▶ _Work request_: Your task is to reproduce the listing exactly, without its images.

▶ _Data_:
-*-*-

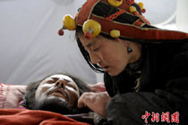 4月16日,青海玉樹震區僧侶們在廢墟邊為地震遇難者按藏族習俗進行超度。中新社發 孫自法 攝
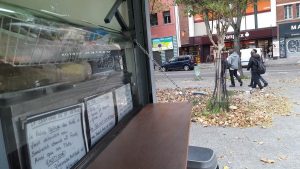 On adore : la pomme de terre garnie de tous les mezzés (kumpir) servie avec une petite salade de fêta (10€), le chig köfte en durüm (galette de blé) composé d’un steak végétarien maison, de menthe, persil, salade, cornichons et d’une sauce grenade (4€). Et pour l’hiver coup de coeur pour la chorba, une soupe de lentilles et de légumes aux épices (5€).
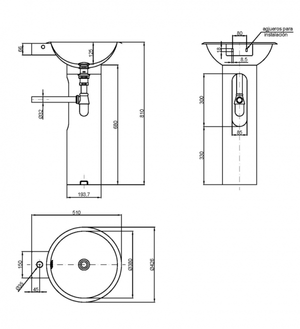 Nofer 42,6х51х81см, подвесная раковина, нержавеющая сталь, с отв. под смеситель, дизайнерская с пьедесталом, арт. 13063.S, Nofer
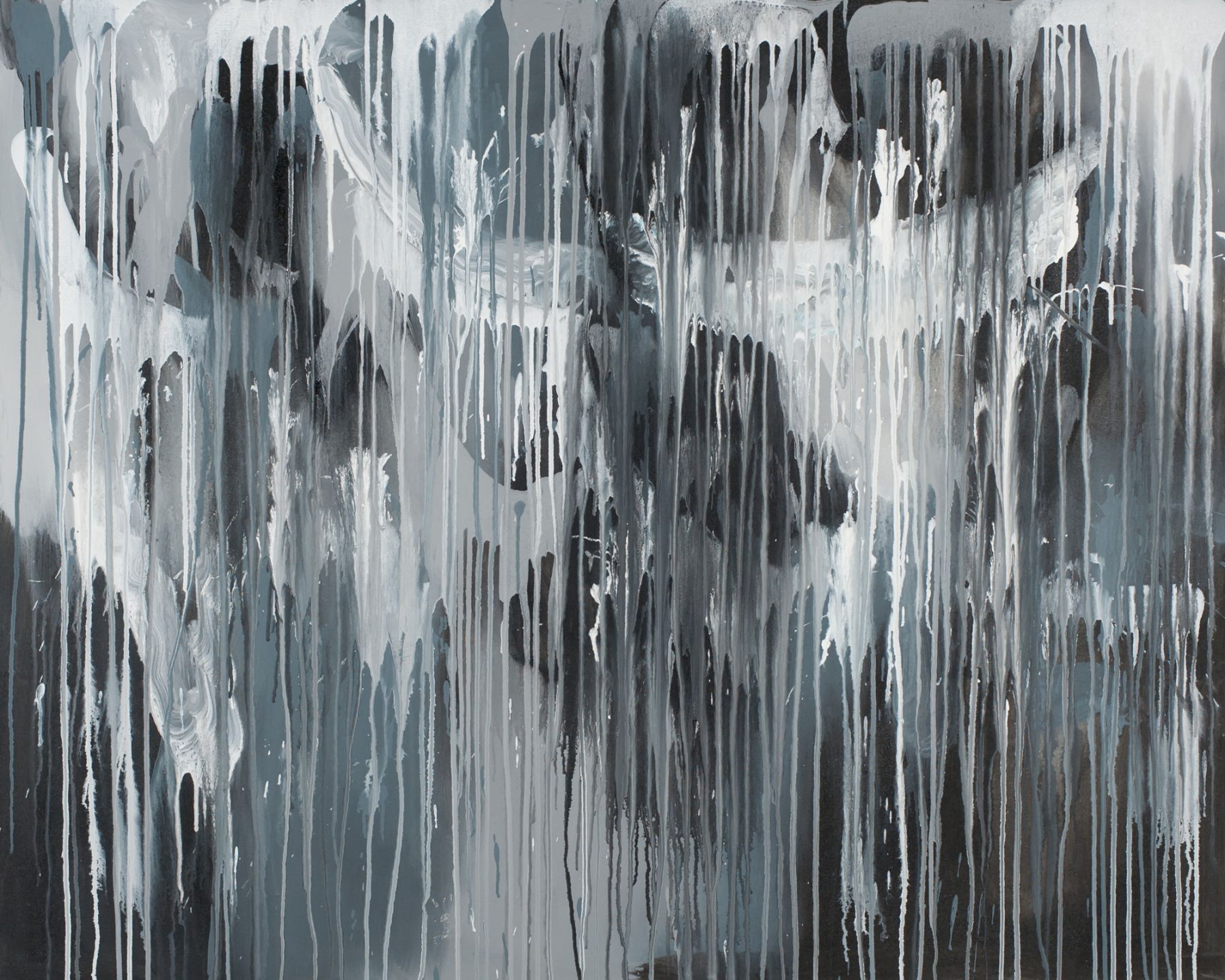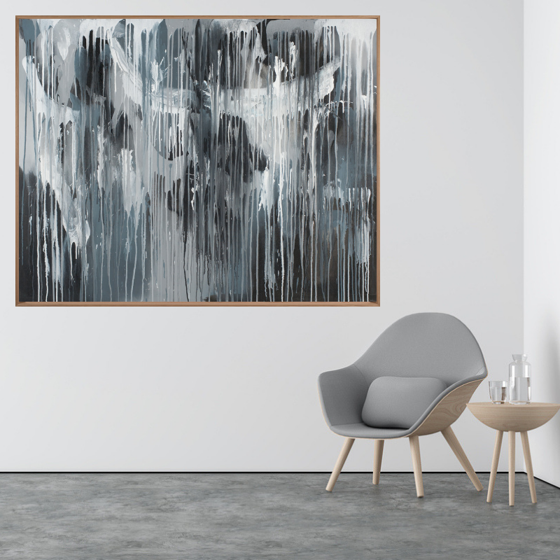 Beautiful monochromatic drip abstract painting featuring shades of grey, black and white.

-*-*-

▶ _Answer for this exercise_:
 4月16日,青海玉樹震區僧侶們在廢墟邊為地震遇難者按藏族習俗進行超度。中新社發 孫自法 攝
 On adore : la pomme de terre garnie de tous les mezzés (kumpir) servie avec une petite salade de fêta (10€), le chig köfte en durüm (galette de blé) composé d’un steak végétarien maison, de menthe, persil, salade, cornichons et d’une sauce grenade (4€). Et pour l’hiver coup de coeur pour la chorba, une soupe de lentilles et de légumes aux épices (5€).
 Nofer 42,6х51х81см, подвесная раковина, нержавеющая сталь, с отв. под смеситель, дизайнерская с пьедесталом, арт. 13063.S, Nofer
 Beautiful monochromatic drip abstract painting featuring shades of grey, black and white.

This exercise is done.